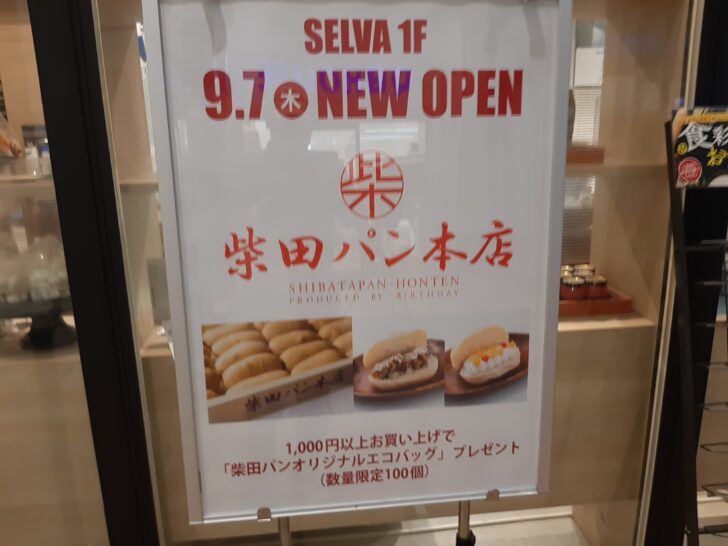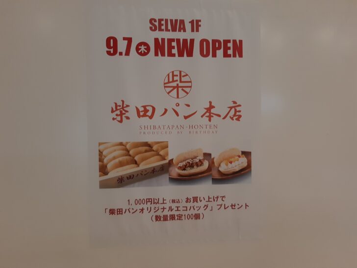 『柴田パン本店』セルバ店のオープン記念特典は、1,000円以上お買い上げで「柴田パンオリジナルエコバック」をプレゼントして貰えるようです。但し、100個の数量限定のようです。
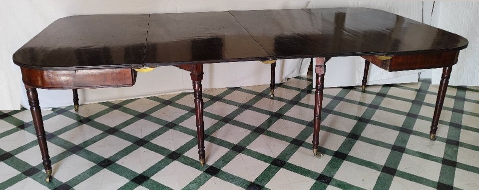 Mid 19th C. English mahogany D-end dining table on turned legs with castors, having 2 removable leaved supported on gate legs, 243 (124) x 122cm
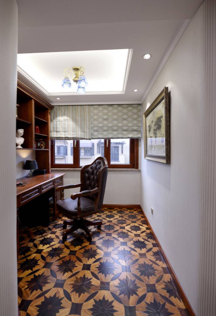 上到二楼,刺花的铺贴,使得层与层之间的区分非常清晰,给人们在视觉效果的跳动和反差,让书书房的空间不再沉闷。
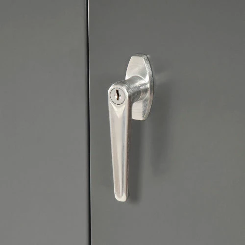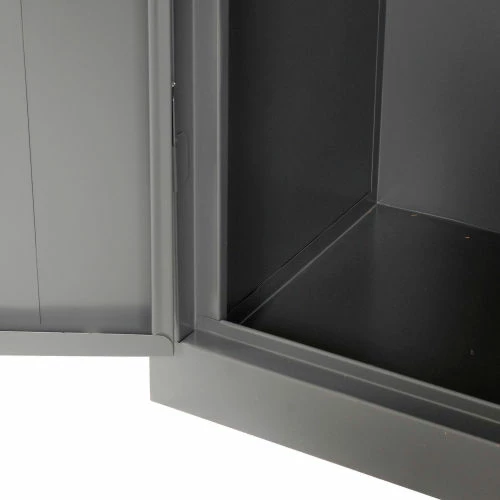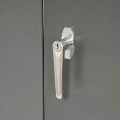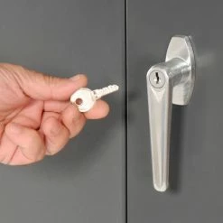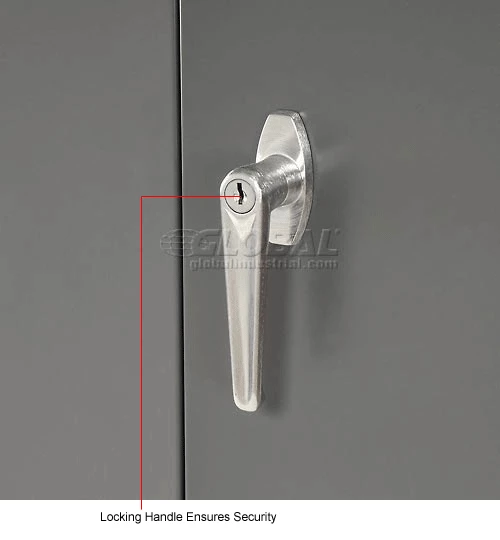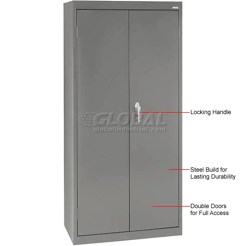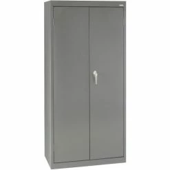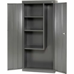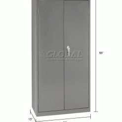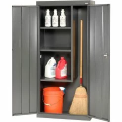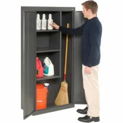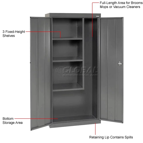 Organizes maintenance and cleaning supplies. Provides storage for brooms, mops, vacuum cleaners and more. Includes 3 fixed height shelves, shelf openings measure 18″W x 14″D x 12″H. Locking handle for safety and security. Box formed, channel reinforced doors for added strength. Retaining lip on bottom level contains spills. Shipped assembled.
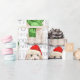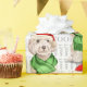 Un coqueto Cockapoo de Champagne se sienta con una bonita bufanda verde de invierno y un sombrero de Santa Claus rojo listo para desear a cualquier amante de los perros o amante de las mascotas unas felices vacaciones.
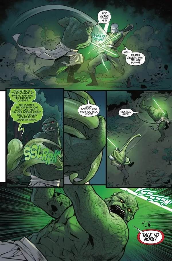 Here’s where the team spots the wily “Child of the Storm" H’Tar crawling away along the temple’s ceiling with the girl, and Tey tries to put a stop to her egress by using the dangerous Sith artifact called the Hand of Siberius, which carried over from Phase II. But Lourna intervenes, allowing H’Tar to escape, which irks pretty much everyone until Dee reveals that she planted a tracking device on the child. This leads us to the final scene of the issue and the pretty sweet reveal of Baron Bolan, the Ithorian mad scientist, and his diminutive assistant Reek who speaks with something very close to Yoda’s particular brand of backwards syntax. I absolutely love how weird things are getting in this comic, and I definitely trust writer Cavan Scott and his stable of (seemingly alternating) artists– this month it’s the talented Marika Cresta– to follow through on that promise. There’s so much potential for Boolan as a character, and we’ve only gotten glimpses of him before in other High Republic media, so I’m glad our heroes are on a collision course with this bizarre alien Dr. Frankenstein.
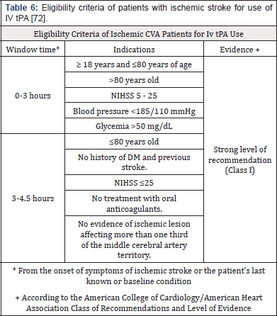 Initial management consists of stabilization of vital signs, use of supplemental oxygen to maintain O2 saturation above 94%, ventilatory support in patients with ischemic stroke and decreased consciousness and/or loss of airway protection reflexes [84]. Maintain adequate tissue perfusion, sustaining lower blood pressure (BP) levels <185 mmHg systolic and <110 mmHg diastolic before starting intravenous thrombolytic therapy [84], adequate temperature and metabolic control, especially optimal blood glucose levels [84-86]. The specific treatment for ischemic stroke consists of intravenous infusion of Alteplase or tissue plasminogen activator, a drug approved in 1996 by the FDA in the USA [87]. The greatest benefit with respect to risks of IV tPA is time-dependent, for this reason it should be indicated as soon as possible in those patients diagnosed with ischemic stroke and who meet the eligibility criteria (Table 6). The dose of IV tPA is 0.9 mg/ kg dose, maximum dose of 90 mg over 60 minutes with the initial 10% of the dose administered as a bolus over 1 minute [84]. The American Heart Association/American Stroke Association in 2019 recommends IV tPA is for those patients who can be treated within 3 hours of the onset of ischemic stroke symptoms. In addition, there is safety with the use of IV tPA between 3 to 4.5 hours following the onset of ischemic stroke symptoms, NIHSS between 5 and 25 points, no history of diabetes and stroke price [84]. Furthermore, with the use of IV tPA between 3 to 4.5 hours is safe and may be as effective in young patients [84]. Although young adults are less likely to have any contraindications to IV tPA and may be treated more frequently than young adults. Dodds, et al. [88] found from a cohort of 173,946 ischemic stroke patients between 2009 and 2015 in the U.S. that young adults are more likely to have delays in the evaluation and treatment of ischemic stroke compared to the older adult. Which young patients were less likely to have a brain imaging study within 25 (62.5%) and 60 (37.0%) minutes of arrival to the emergency department compared with older adult (71.5% and 42.8%) [88].
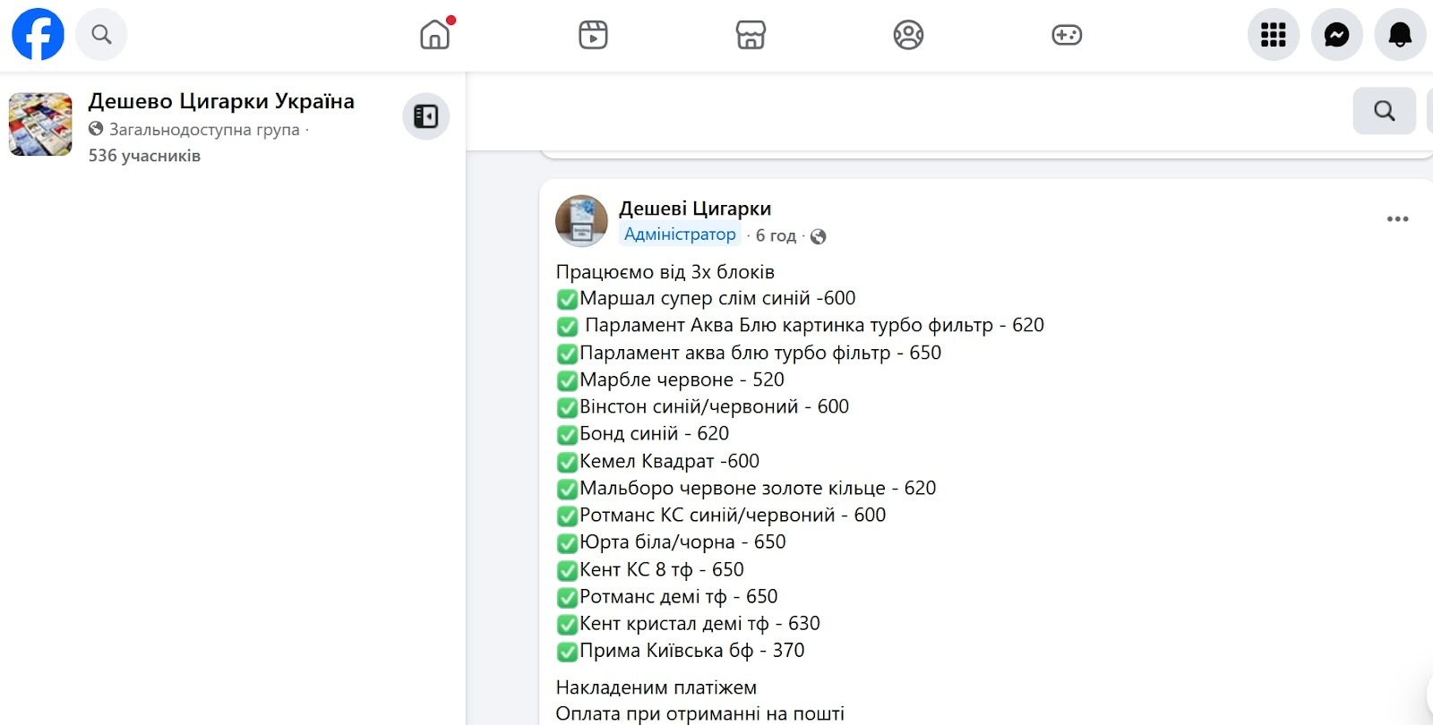 "Дешевые сигареты. Работаем от трех блоков". Такими сообщениями изобилуют открытые страницы в украинской зоне Facebook с сотнями и тысячами активных участников. Блок сигарет известных марок (Parliament, Bond, Kent, Marlboro и других) там можно приобрести за 350—650 гривен со сроком пересылки по почте всего один—три дня.

***

● Aim of the task: Starting at the line with "Mid 19th C." and finishing at the line with "上到二楼,刺花的铺贴,使得层", copy the material above exactly, both lines included. Nothing else goes in, and no pictures.

● Solution to this task:
 Mid 19th C. English mahogany D-end dining table on turned legs with castors, having 2 removable leaved supported on gate legs, 243 (124) x 122cm
 上到二楼,刺花的铺贴,使得层与层之间的区分非常清晰,给人们在视觉效果的跳动和反差,让书书房的空间不再沉闷。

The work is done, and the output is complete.